Graphic credit: Janice Nelson. 

Turning now to the three continental European countries, we see that France has a significantly higher proportion of children in common-law relationships—26.3—than any of the other countries. This proportion is similar to, although slightly lower than, the 35 percent of children in common-law couples in Quebec. In both cases the retreat from marriage reflects societies that have, officially at least, rejected the Catholic church and embraced secularism, although it is notable that it is still the case in both places that more children live in married couples than in common-law couples. The proportion of children in single-parent families in France is 22.6 percent, only a little above that in Canada or the U.K.

In contrast, both Italy and Germany are more traditional, with 76 percent (Germany) and 77 percent (Italy) of children in married-couple families. In both countries, the proportion of children in common-law families is much lower than in France, the U.K., or Canada, although somewhat above the U.S. The proportion of children in single-parent families is much lower: around 15 percent for both countries, compared to over 20 percent for the other four countries.

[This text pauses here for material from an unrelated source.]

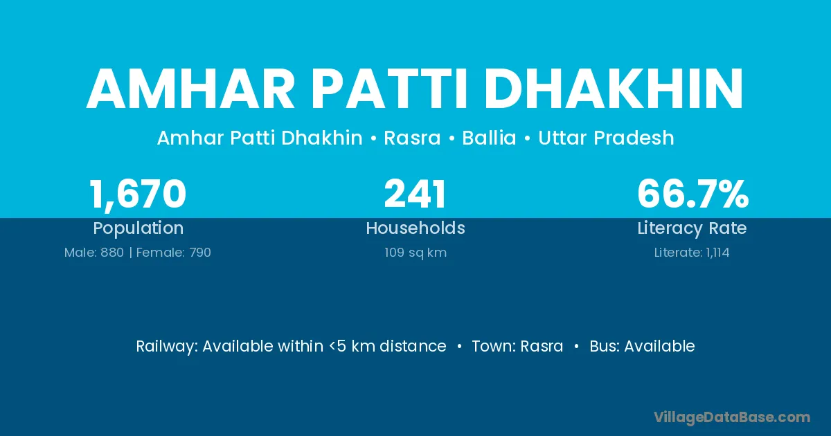 Amhar Patti Dhakhin village has a total population of 1,670 people, of which 880 are males and 790 are females.
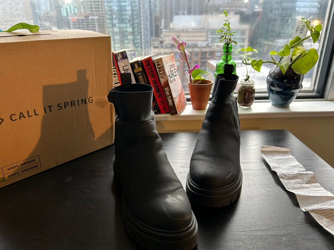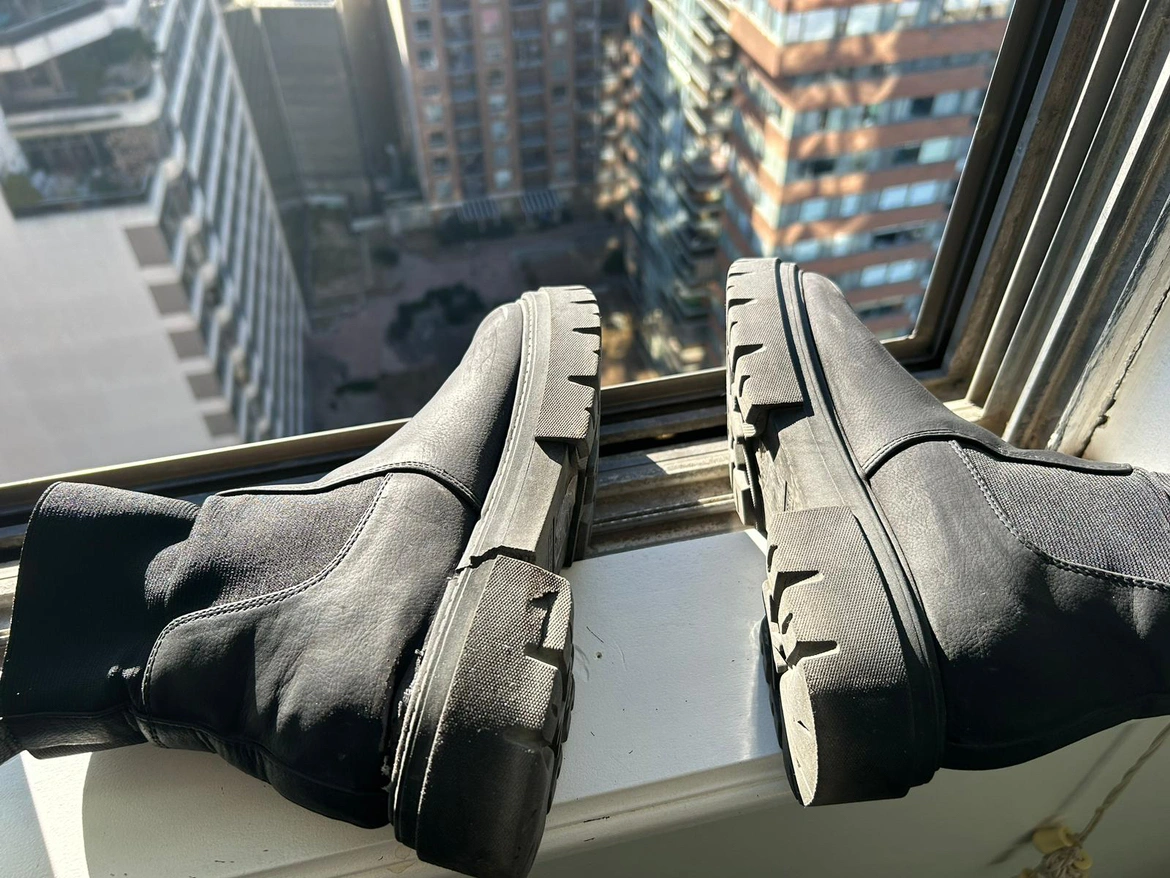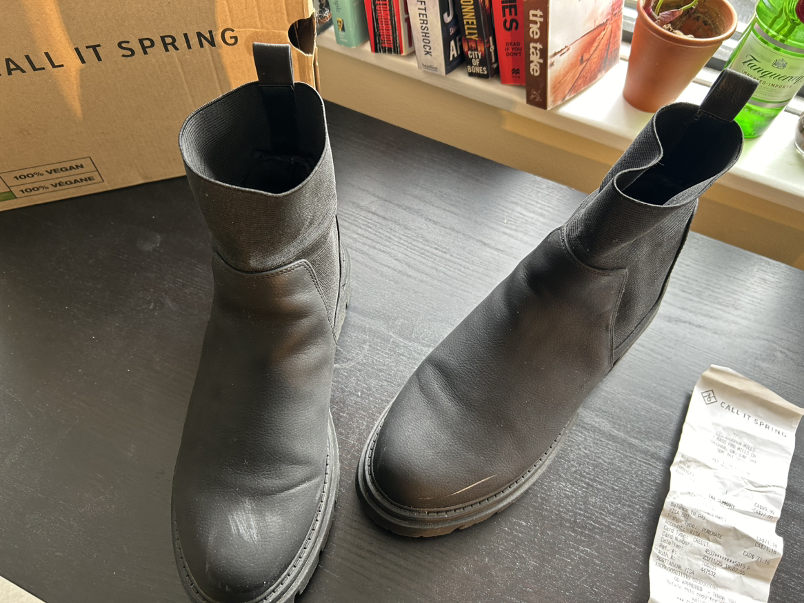 The vegan leather that feature a round toe and lug sole for a style you'll want to wear every day. Comfy and stylist at the same time. Bought few months back, got other boots and I don't wear it anymore. Box and Receipt is also available. Please check the pictures, it needs a little mending and it's good to go.

Overall, when we look at other countries, Canada is on the low side when it comes to children in married-couple families, largely owing to the popularity of common law relationships in Quebec. However, the proportion of children in single-parent families is about average, lower than in the U.S., about the same as in the U.K., and France, but higher than in Germany and Italy.

Key takeaways

Canadians have every reason to care about the kinds of families that children grow up in. As we saw in the introduction, children who grow up with both their original parents do better across a whole range of life outcomes. What we see in the data is a gradual erosion in the proportion of children who grow up in these kinds of families. In 2021, only 58 percent of children lived in intact married-couple families, and many of these children will see their parents split up before they attain adulthood themselves.

Looking across Canada, the traditional married couple family is, unsurprisingly, most prevalent in Alberta and least prevalent in Quebec, although the proportion of children in single-parent families is higher in several of the maritime provinces than in the other provinces, probably reflecting their more rural nature. The territories are somewhat apart, with a significantly higher proportion of children in single-parent families, and significantly fewer in married-couple households.

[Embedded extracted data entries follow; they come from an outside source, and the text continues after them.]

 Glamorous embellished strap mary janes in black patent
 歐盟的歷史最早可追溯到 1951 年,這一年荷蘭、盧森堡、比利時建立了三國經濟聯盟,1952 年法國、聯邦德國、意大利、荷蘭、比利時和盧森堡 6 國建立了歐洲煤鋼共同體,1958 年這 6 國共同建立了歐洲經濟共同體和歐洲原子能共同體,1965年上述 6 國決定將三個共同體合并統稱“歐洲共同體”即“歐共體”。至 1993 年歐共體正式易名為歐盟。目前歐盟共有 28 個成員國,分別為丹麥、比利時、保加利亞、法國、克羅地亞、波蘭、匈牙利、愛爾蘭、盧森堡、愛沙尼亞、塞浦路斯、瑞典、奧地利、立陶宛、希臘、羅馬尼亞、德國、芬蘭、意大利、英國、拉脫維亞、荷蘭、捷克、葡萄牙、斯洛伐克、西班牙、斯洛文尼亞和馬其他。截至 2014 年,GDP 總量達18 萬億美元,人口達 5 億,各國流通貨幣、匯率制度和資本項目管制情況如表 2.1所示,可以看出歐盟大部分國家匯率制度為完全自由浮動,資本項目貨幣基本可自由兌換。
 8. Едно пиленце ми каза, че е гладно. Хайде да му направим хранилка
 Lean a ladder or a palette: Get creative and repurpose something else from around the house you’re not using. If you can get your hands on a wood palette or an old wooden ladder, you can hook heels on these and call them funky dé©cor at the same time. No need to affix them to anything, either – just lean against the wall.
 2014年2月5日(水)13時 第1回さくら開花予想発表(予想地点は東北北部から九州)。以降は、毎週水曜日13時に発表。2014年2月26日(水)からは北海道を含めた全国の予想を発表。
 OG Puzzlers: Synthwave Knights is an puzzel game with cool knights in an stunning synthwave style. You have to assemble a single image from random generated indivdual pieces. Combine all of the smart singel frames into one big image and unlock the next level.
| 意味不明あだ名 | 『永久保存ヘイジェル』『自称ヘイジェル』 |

Internationally, Canada has somewhat fewer children in married-couple families than the other G7 countries for which we have data, but the proportion of children in single-parent families is in the middle of the pack.

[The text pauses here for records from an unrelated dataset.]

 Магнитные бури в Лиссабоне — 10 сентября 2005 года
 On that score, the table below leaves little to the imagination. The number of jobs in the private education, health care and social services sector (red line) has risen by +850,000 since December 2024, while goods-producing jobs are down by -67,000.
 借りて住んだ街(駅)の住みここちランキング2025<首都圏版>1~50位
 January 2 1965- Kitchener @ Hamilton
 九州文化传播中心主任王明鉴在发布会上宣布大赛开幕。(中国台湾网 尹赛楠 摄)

Thus, while there is no reason to panic about the state of two-parent families in Canada, there is cause for concern. Simply increasing monetary benefits to children will fail to deal with many of the underlying drivers of poor outcomes for children, such as the absence of a paternal role model. Policymakers need to think about what policies can encourage families to stay together and so provide the best possible environment for children to thrive. That debate is now very active in the U.S., and we in Canada need to have our own debate if we truly want to improve life for Canada’s children.

Tim Sargent

Tim Sargent is Director of the Domestic Policy Program at the Macdonald-Laurier Institute and a Distinguished Fellow at the Centre for International Governance Innovation. He is also the Deputy Executive Director of the Centre for the Study of Living Standards.